Mais dans tous les cas l’appréciation des Juridictions intègrera les spécificités de l’historique
des relations contractuelles.
C) Indemnisation du préjudice.
En ce qui concerne l’évaluation du préjudice, ce n’est pas la rupture en elle-même qui est
sanctionnée, mais les circonstances qui l’entourent.
Ainsi, la partie qui subit la rupture ne peut obtenir réparation que du préjudice entrainé par le
caractère brutal de la rupture.
Le préjudice indemnisable devrait alors être calculé de la manière suivante : multiplication de
la période de préavis qui aurait dû être donnée par la moyenne du bénéfice réalisé
antérieurement à la rupture. (Cour d'appel d'Amiens, 15 juin 2004, JurisData n° 2004-247709).
En pratique, cependant, force est de constater que les juges accordent parfois à la " victime "
des dommages et intérêts au-delà de la seule perte résultant directement de la brutalité de la
rupture.
Selon les circonstances, les tribunaux peuvent ainsi estimer que l'indemnisation de la victime
s'étend aux pertes annexes (amortissements, charges d'exploitation, coût des licenciements,
fermeture des locaux, pertes de stocks programmés...), ceci afin de tenir compte des coûts dus
à la désorganisation de l'activité ou à l'impossibilité de récupérer certainsinvestissements.

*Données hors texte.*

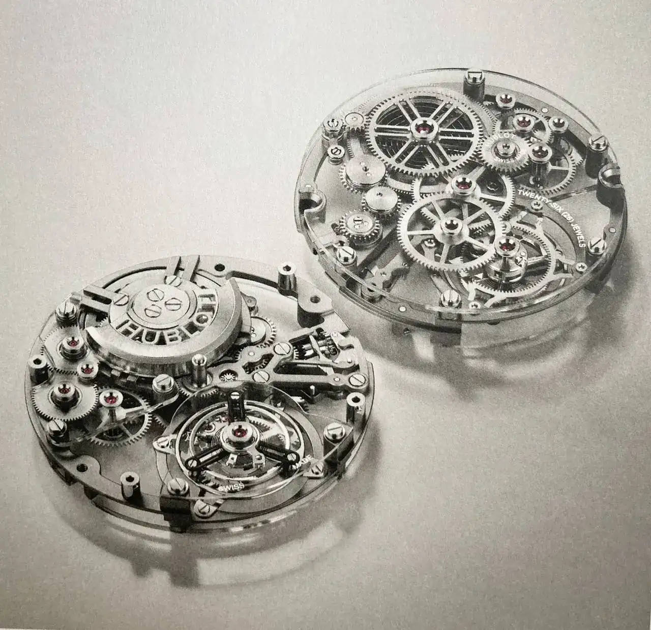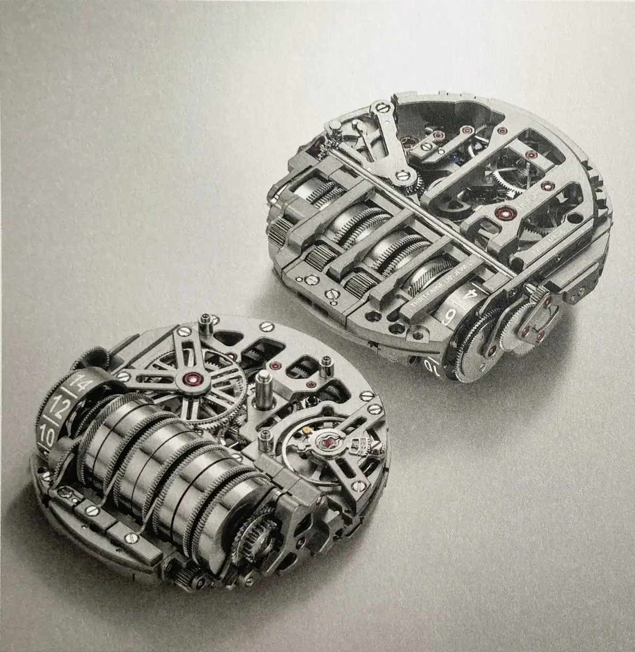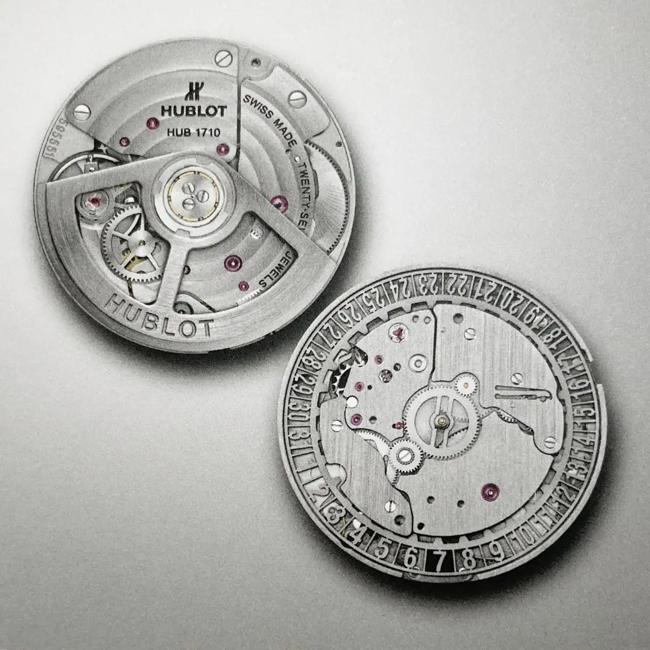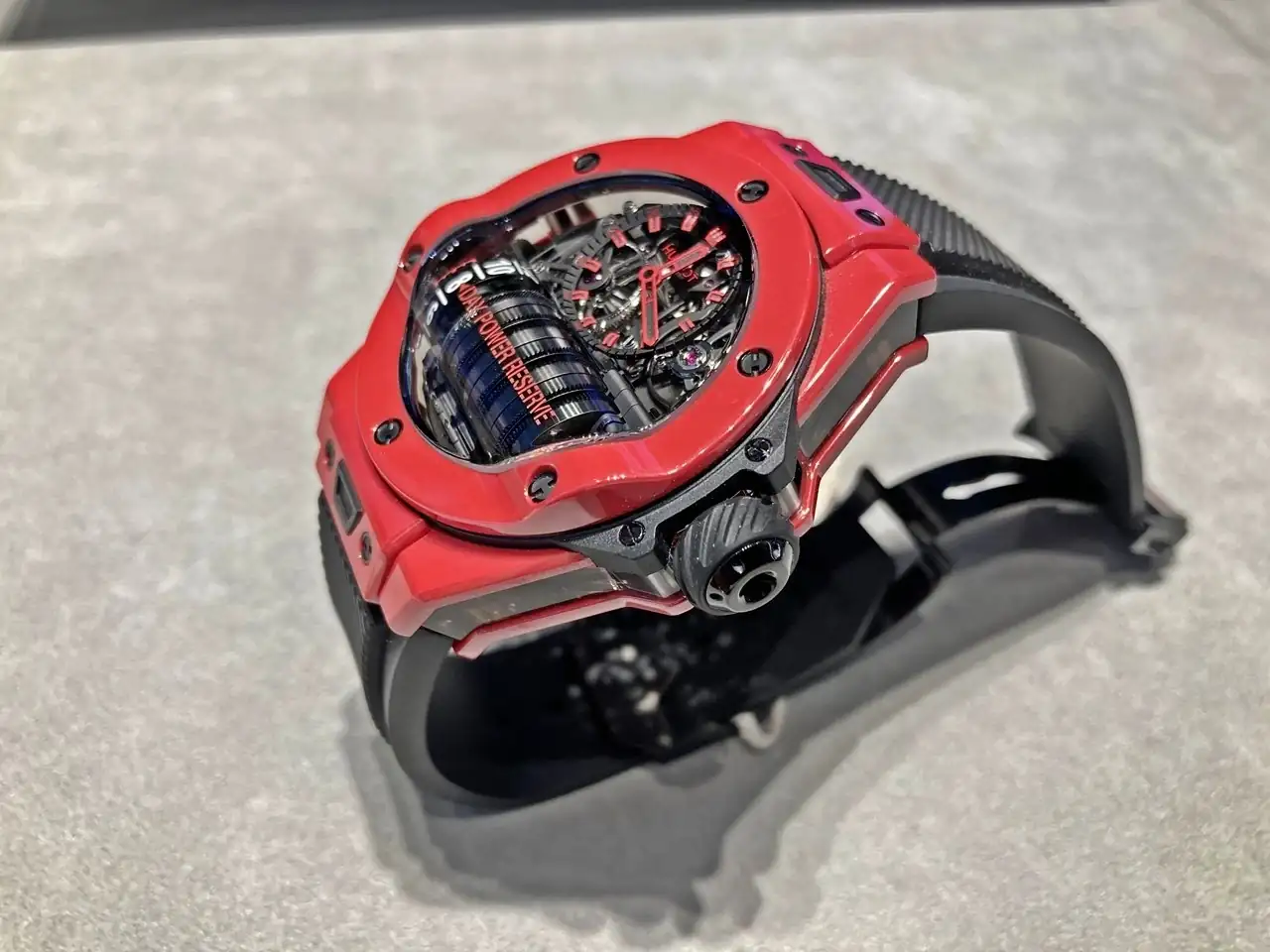O los calibres propios. Siete creaciones 100% in-house -de momento-, que abarcan desde el cronógrafo Unico HUB1280 hasta el sofisticado HUB9011, con 14 días de reserva de marcha gracias a sus 7 barriletes engranados en serie. Dos tourbillones (uno biaxial), dos con forma de tonel para el Spirit of Big Bang y dos calibres ajenos, para la colección Classic Fussion, suministrados por Sellita según las especificaciones de Hublot.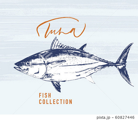 Hand drawn illustration of ocean sea fishes such as mackerel, tuna and capelin. Vector illustration of underwater wildlife animals in vintage sketch style. Great for packaging, banner, menu design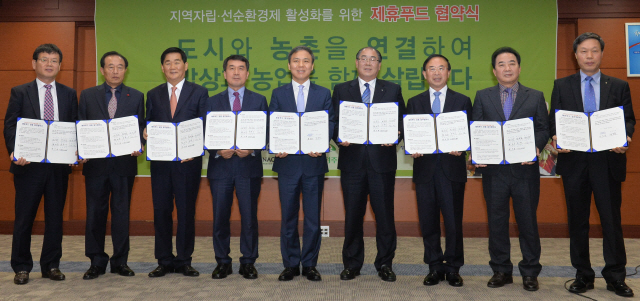▲ 전주시가 지역에서 생산된 농축산물을 지역에서 소비하는 전주푸드플랜 계획을 발표한 가운데 지난 30일 일부 농산물을 인근 군지역에서 구매하는 ‘지역자립 선순환경제 활성화를 위한 제휴푸드 협약식’이 열린 전주시청 회의실에서 전주시와 7개 군 단체장, 유관기관 대표 등이 협약서를 들어보이고 있다. 박형민 기자
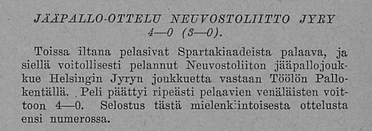 «Матч по хоккею с мячом: Советский Союз - «Юрю» - 4:0 (3:0). На днях советская хоккейная команда, победоносно сыгравшая на Спартакиаде, возвращаясь домой сыграла на стадионе «Тёёлён паллокенття» против команды «Юрю» (Хельсинки). Встреча закончилась победой быстро игравших россиян со счетом 4:0» (журнал «Тюёвяен урхейлулехти» № 10 от 8 марта 1928 года).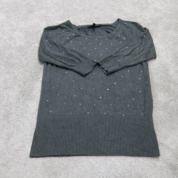 White House Black Market Women Pullover Sweater Long Sleeve Polka Dot Black SZ M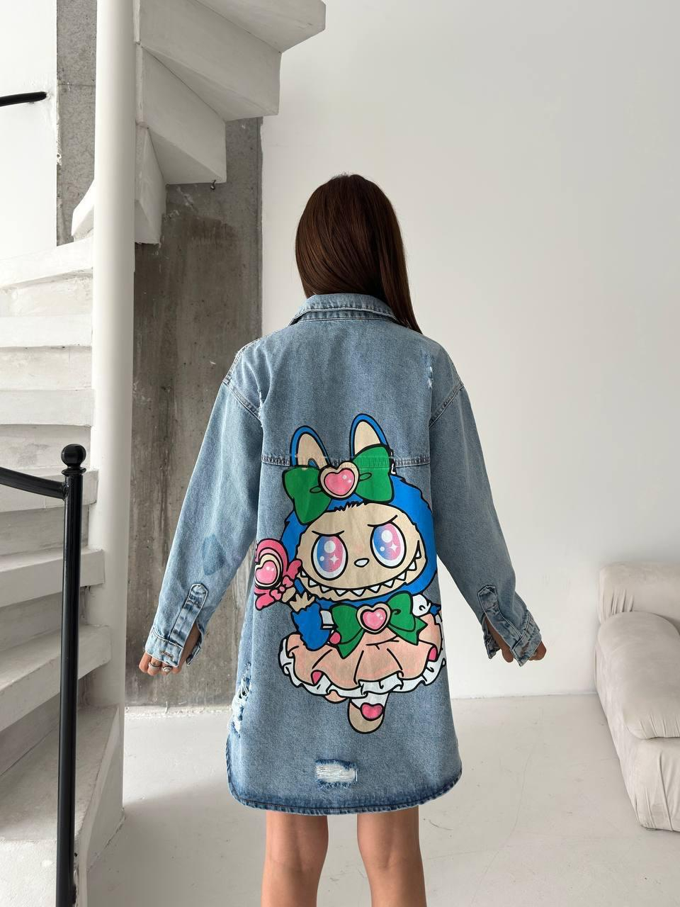 Dacă iubești culorile și ținutele cu personalitate, „Candy Bunny Vibes” este exact ce cauți. Croiala oversize oferă libertate de mișcare și confort, în timp ce imprimeul vesel și plin de detalii colorate transformă această jachetă într-un statement piece. Denim-ul are un aspect ușor prespălat, completat de rupturi subtile pentru un look urban autentic. Perfectă pentru a fi purtată cu jeanși skinny, colanți sau chiar peste o rochie simplă, această jachetă promite să-ți scoată outfitul din anonimat.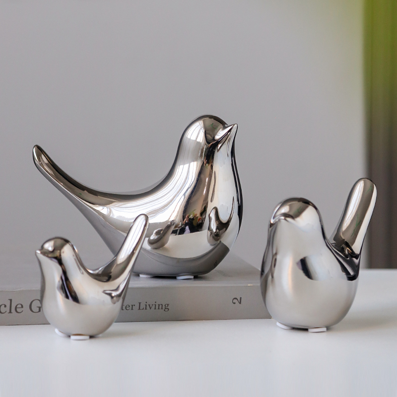 电镀银色小鸟陶瓷网红桌面摆件轻奢高档酒柜茶几迷你小装饰样板间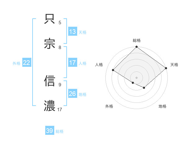 只宗 信濃さんを姓名の画数から五運を鑑定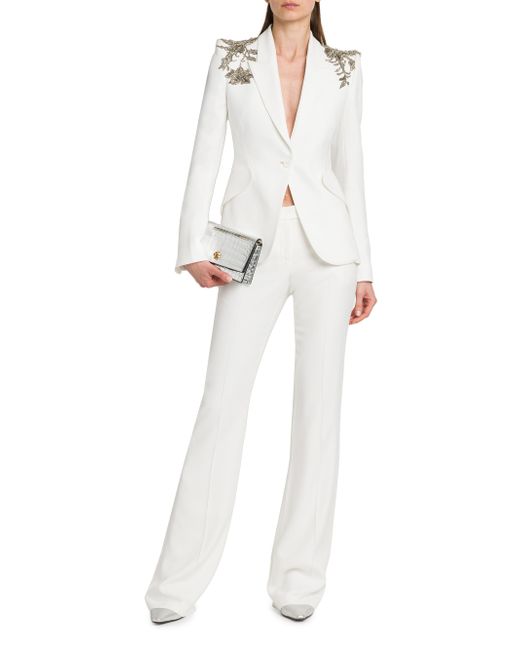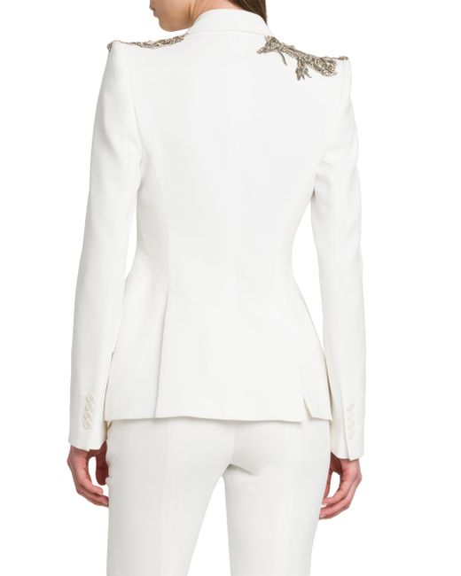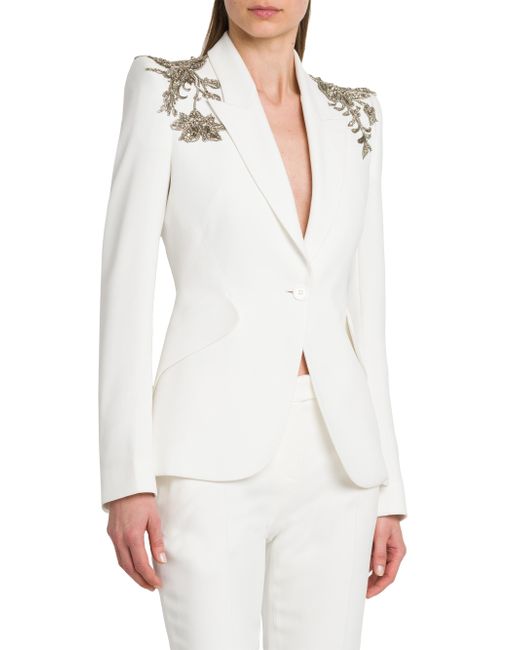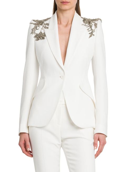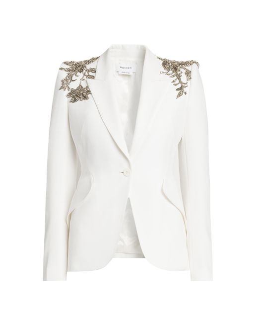 This McQueen jacket features floral embellishments at the shoulders. This single-breasted piece is styled with peak labels and side flap pockets. Peak lapel Long sleeves, button cuffs Side flap pockets Singe-button closure 52% viscose/48% acetate Dry clean Made in Italy SIZE & FIT Model measurements: 5'10" tall Model is wearing US size 4 ABOUT THE BRAND Visionary designer Lee Alexander McQueen launched his brand in 1992, which quickly became synonymous with cutting-edge, avant-garde design. Creative Director Seán McGirr has continued the designer's legacy, bringing precision craftsmanship and a feminine vision to the label's signature edge. Advanced European - Alexander Mcqueen > Mcqueen > Saks Fifth Avenue > Barneys. McQueen. Color: Light Ivory. Size: 0.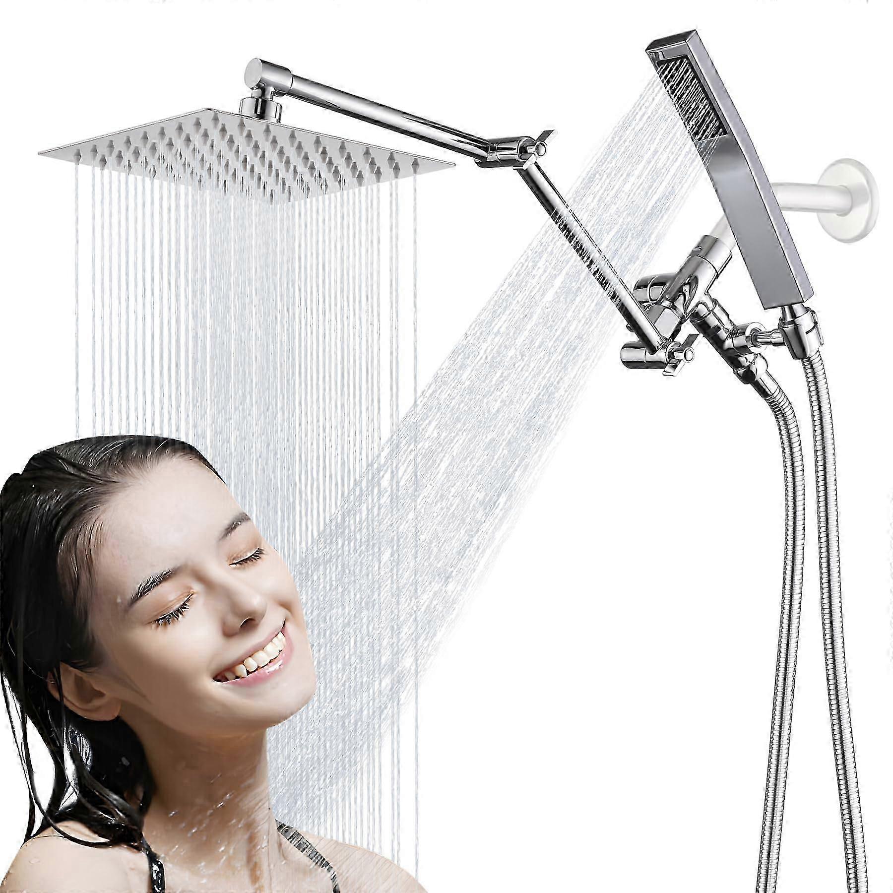 Powerful Shower Duo System - Durable metal construction combines a rainfall shower head and a handheld spray for versatile, long-lasting performance. - The handheld spray is mounted on a 13-inch flexible extension arm, keeping you comfortably away from the wall while showering. - Two adjustable knobs let you easily set the height and angle for a personalized shower experience. - Three-way diverter with a 71-inch stainless steel hose provides flexible configuration. Switch between rainfall head, handheld spray, or use both at once. Note: when both heads are used together, water pressure is shared. - The long 71-inch hose adds reach for thorough rinsing and easier cleaning of the shower area. - Easy installation: everything needed for setup is included with clear instructions; no plumber required. - 3-year warranty and responsive customer support for peace of mind. Specifications and features - Heads: rainfall shower head and handheld spray - Extension arm: 13 inches - Hose: 71 inches, stainless steel - Diverter: 3-way, with compatibility for simultaneous use of both heads - Material: durable metal construction - Installation: plug-and-play with included hardware and instructions Whats included - Rainfall shower head - Handheld spray - 13-inch extension arm - 71-inch stainless steel hose - 3-way diverter - All required installation hardware and clear instructions Use scenarios - Quick full-body rinse using the rainfall head for a broad, even wash. - Targeted cleaning or hair washing with the handheld spray, while maintaining flexibility and control. - Easy rinsing for children, elderly, or mobility-impaired users by keeping distance from the wall while showering.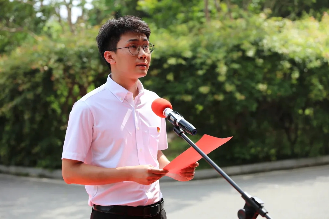 williamhill英国2019级研究生何其珍作为学生代表发言。他以“牢记初心使命,勇担时代重任”为主题,从中国共产党带领中国人民战胜艰难险阻,夺取伟大胜利讲起,以学生的角度生动讲述了对党建及院史长廊的认识,提出青年一代要积极响应习近平总书记号召,争做堪当民族复兴重任的时代新人。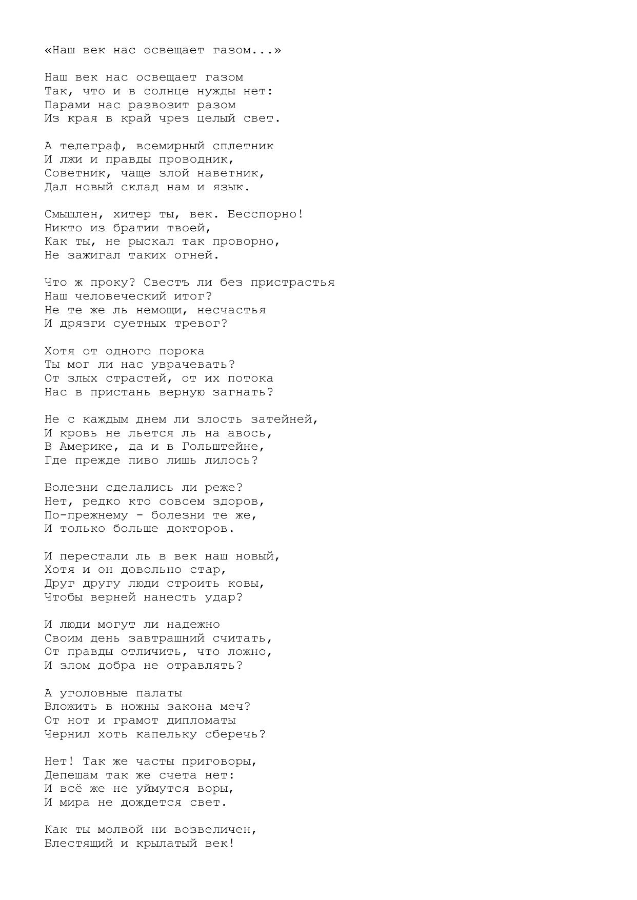 Наш век нас освещает газом...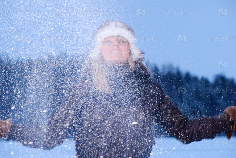 Девушка подбрасывает снег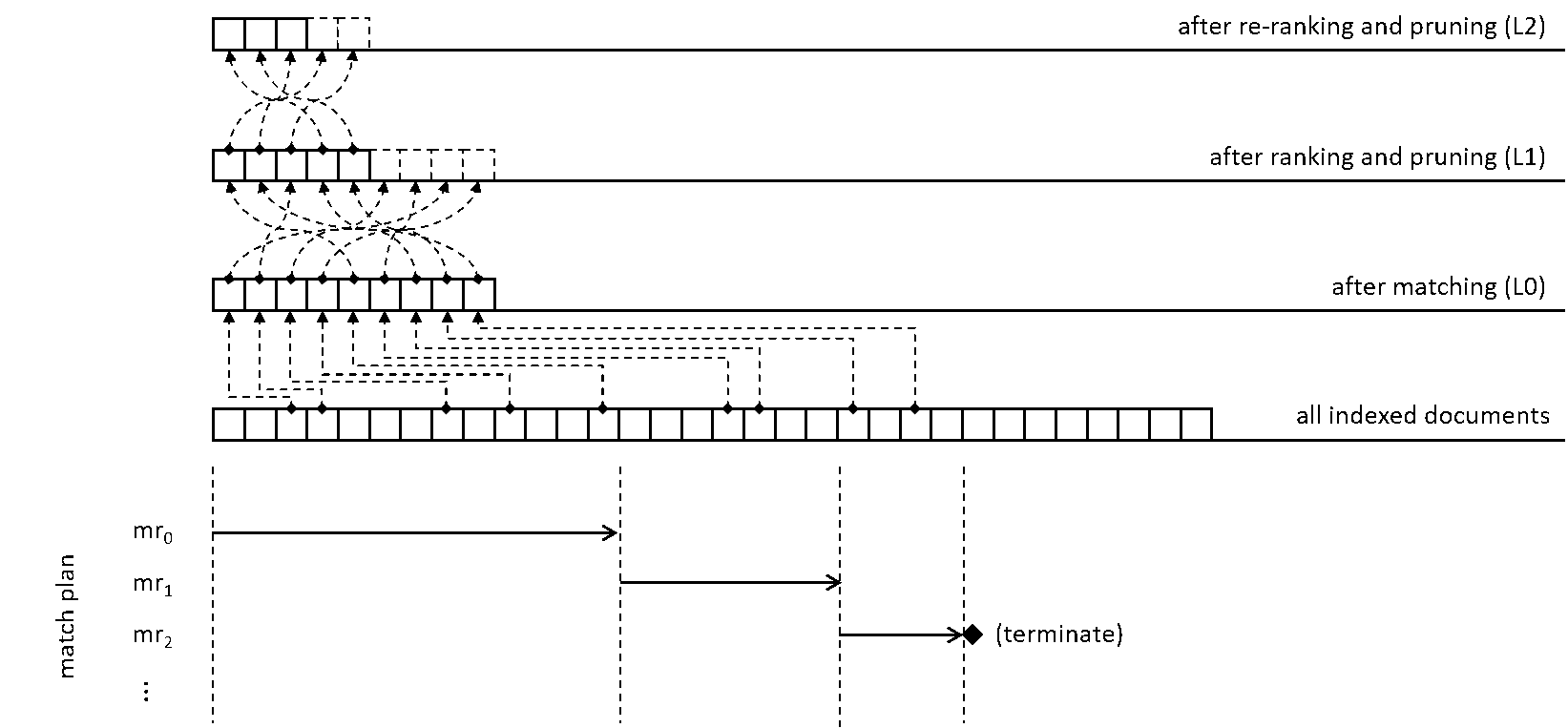 Figure 2 – A cascading architecture employed in Bing’s retrieval system. Documents are scanned using a pre-defined match plan. Matched documents are passed through additional rank-and-prune stages.

Par ailleurs, il arrive fréquemment que la partie qui se prétend victime d'une brusque rupture
invoque l'existence d'une situation de dépendance économique pour réclamer des dommages
et intérêts complémentaires.
Dans ces hypothèses, les magistrats sont amenés à apprécier concurremment l'infraction de
rupture abusive des relations commerciales établies avec l'abus de dépendance économique et
nombreuses sont les décisions qui s'attachent à ce contexte d'état de dépendance pour mieux
marquer le caractère brutal de la rupture.